The Soil Dance
In Iran there are many special religious ceremonies held each year. The most important one for Iranians comes in Moharam [roughly the western Feb./March], the first month of the Islamic calendar when on the 10th day of the month Imam Hussein, the third Imam, and 72 of his followers were killed for their beliefs. His family was captured by the enemy army. This day marks the beginning of Ashura. Every year during this month Muslims mourn to keep alive the memory of the Imam and his martyrdom. The mourning rituals of Ashura are very different in each part of Iran. Ceremonies have grown out of the history and culture of each region over the centuries.

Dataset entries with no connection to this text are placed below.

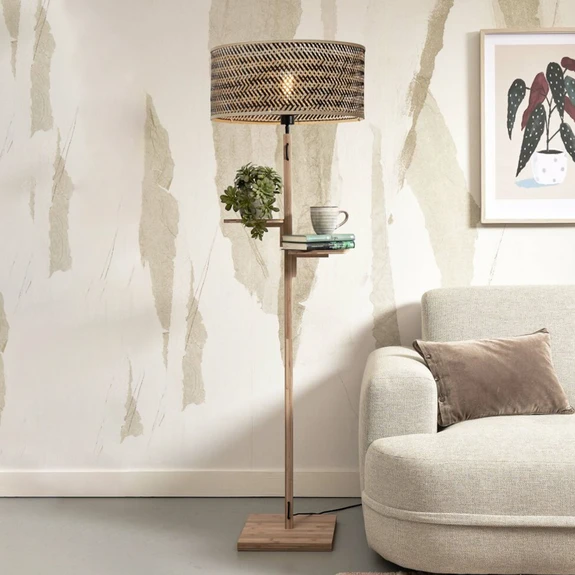 GOOD & MOJO Java stāvlampa, plaukts, dabīga/melna krāsa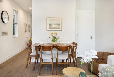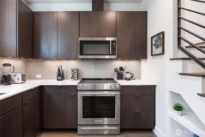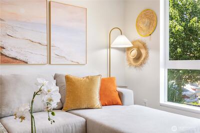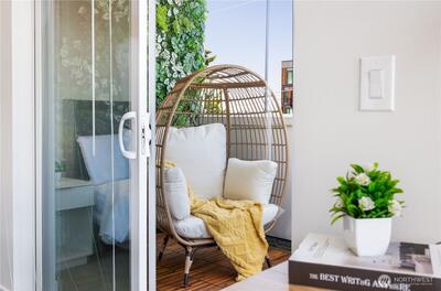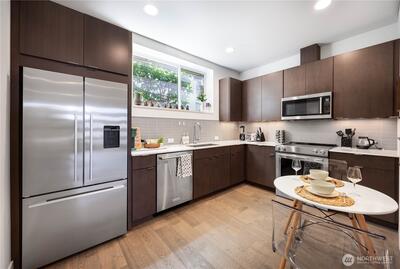Experience the pinnacle of urban luxury with this meticulously crafted corner-unit townhome in the heart of Seattle’s vibrant Eastlake neighborhood. Designed by award-winning Caron Architects and expertly executed by the renowned Murray Franklyn, this home is a masterpiece of top-tier craftsmanship and thoughtful design. The main level features an expansive, light-filled living area, dining space, and a contemporary kitchen, while the second level offers two generous-sized bedrooms and a stylish full bath. The upper level is dedicated to a luxurious primary suite complete with a private, expansive balcony. Your personal city sanctuary continues on the private rooftop terrace, where you can entertain guests while taking in sweeping views of Lake Union and the Seattle city skyline, or unwind in your very own private sauna hut. A true commuter's heaven, this property is just a quick stroll from major employer office buildings and offers easy access to I-5, all while being steps away fro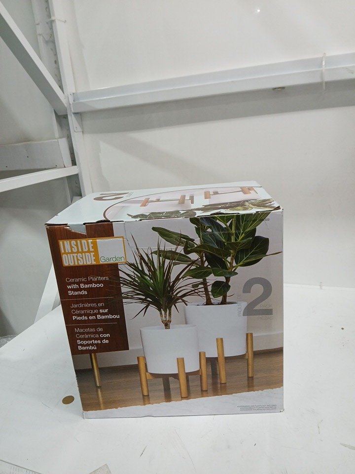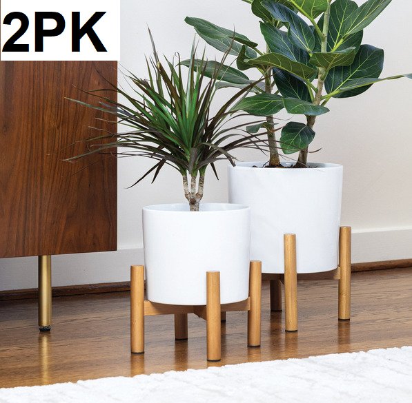 2pk inside outside garden ceramic planters with bamboo stands - 9.2" and 7.7" - white/beige (model: 1807223)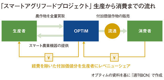 「スマート農業」の普及に向け、オプティムは、プロジェクトの立ち上げやアライアンス強化を進めている。生産者に対して製品やサービスを無償で提供しているほか、生産者と消費者をつなぐビジネスモデルを構築して「稼げる農業」の実現を目指している。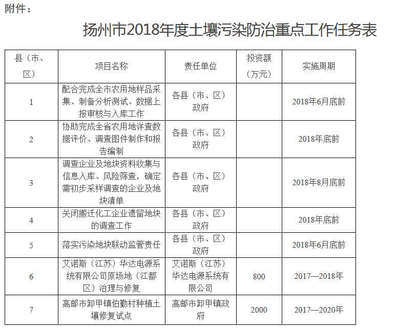 附件:揚州市2018年度土壤污染防治重點工作任務表

In this particular place, men make pools of mud by digging dirt out of the ground and returning some of the loose soil, mixed with water, creating mud baths. The sight of the men moving around the brown pools, scooping up the mud and slapping it on to themselves begins to look like a dance. For me, they were dancing with the earth. A fire is started and they stand around it until the sun rises, as the mud dries and tightens its grip on their bodies.
The men said, "When we coat ourselves with the rough mud we remember that we were created from the earth's soil. When we draw together around the fire, we all mourn. We believe that God is in the society and not in the individual; we know that we need each other."

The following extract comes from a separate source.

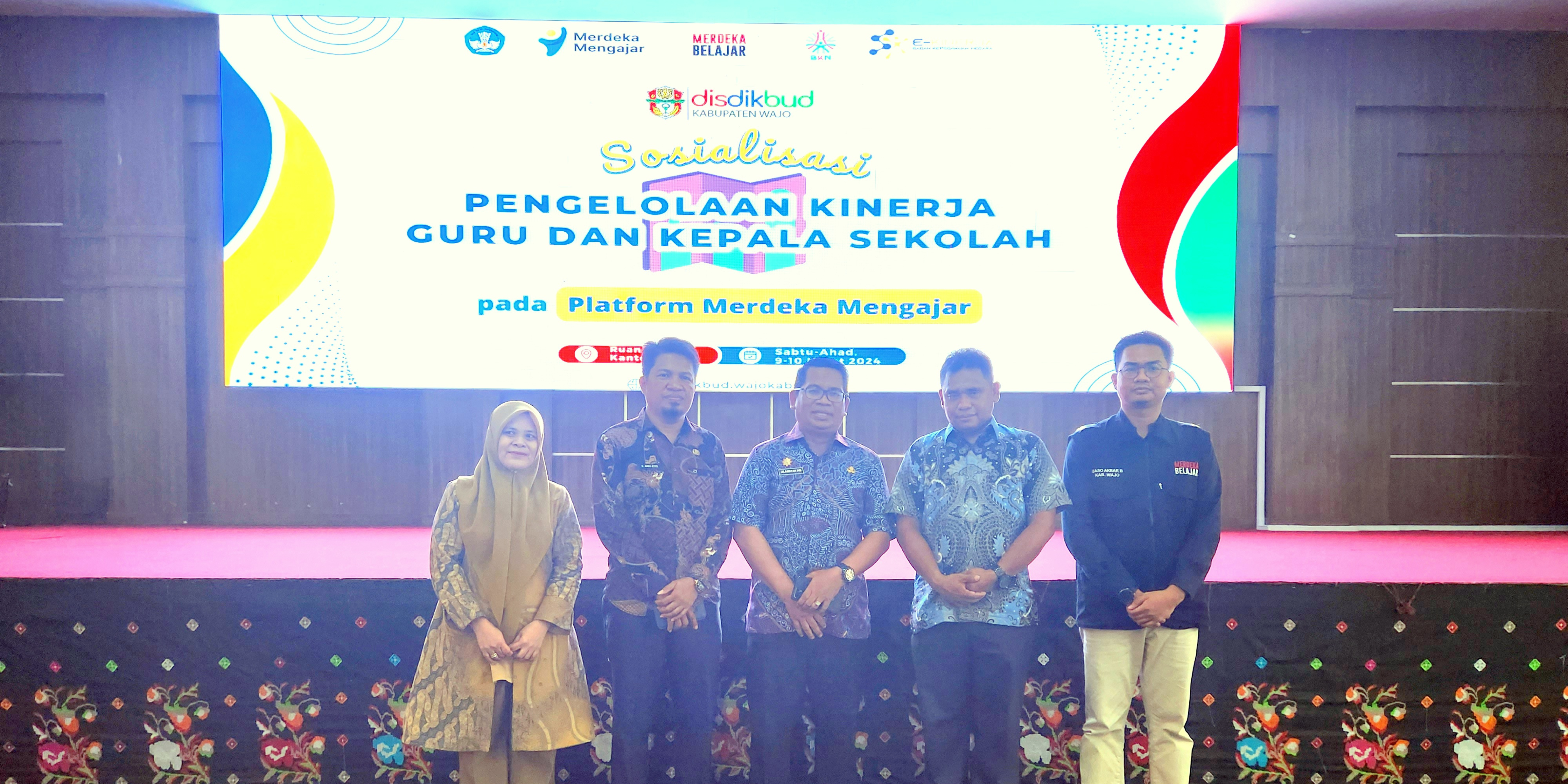 Dinas Pendidikan dan Kebudayaan Kabupaten Wajo menyambut baik Surat Edaran dari Kemdikbudristek tentang Pengelolaan Kinerja Guru dan Kepala Sekolah yang dilakukan di PMM. Dalam hal ini, Disdikbud Kab. Wajo melakukan sosialisasi pada tanggal 9 – 10 Maret 2024 dan bertempat di Ruang Pola Kantor Bupati Kab. Wajo. Kegiatan dibuka oleh Kepala Dinas Pendidikan Drs. H. Alamsyah, M.Si. dan Sekertaris Dinas Pendidikan Yahya, S.Sos. M.Si.

One local man named "Sayed" had accompanied me. He insisted that I go to his home rather than the hotel. This was fortunate because I could be closer to the people. They shared their ideas more comfortably in private than in public. I experienced firsthand both their laughter and the tears in their eyes.
I believe that everything in the world is dancing, from the earth dancing around the sun to a single leaf drifting to the ground. Dancing releases me from my body and I try to get closer to the soul. Dancing and mourning share this because they both release the soul from its cage.
There are two problems facing these rituals: first, while they are often covered, the internal media does not use the images, and second, the influence of the mass media has gradually eroded these unique rituals. How will children learn to appreciate their native culture in a world of media, big business and world trade? Most Iranians know nothing about Khorramabadi's ceremony and the philosophy behind it. Maybe it is our duty not to let rituals such as these be forgotten.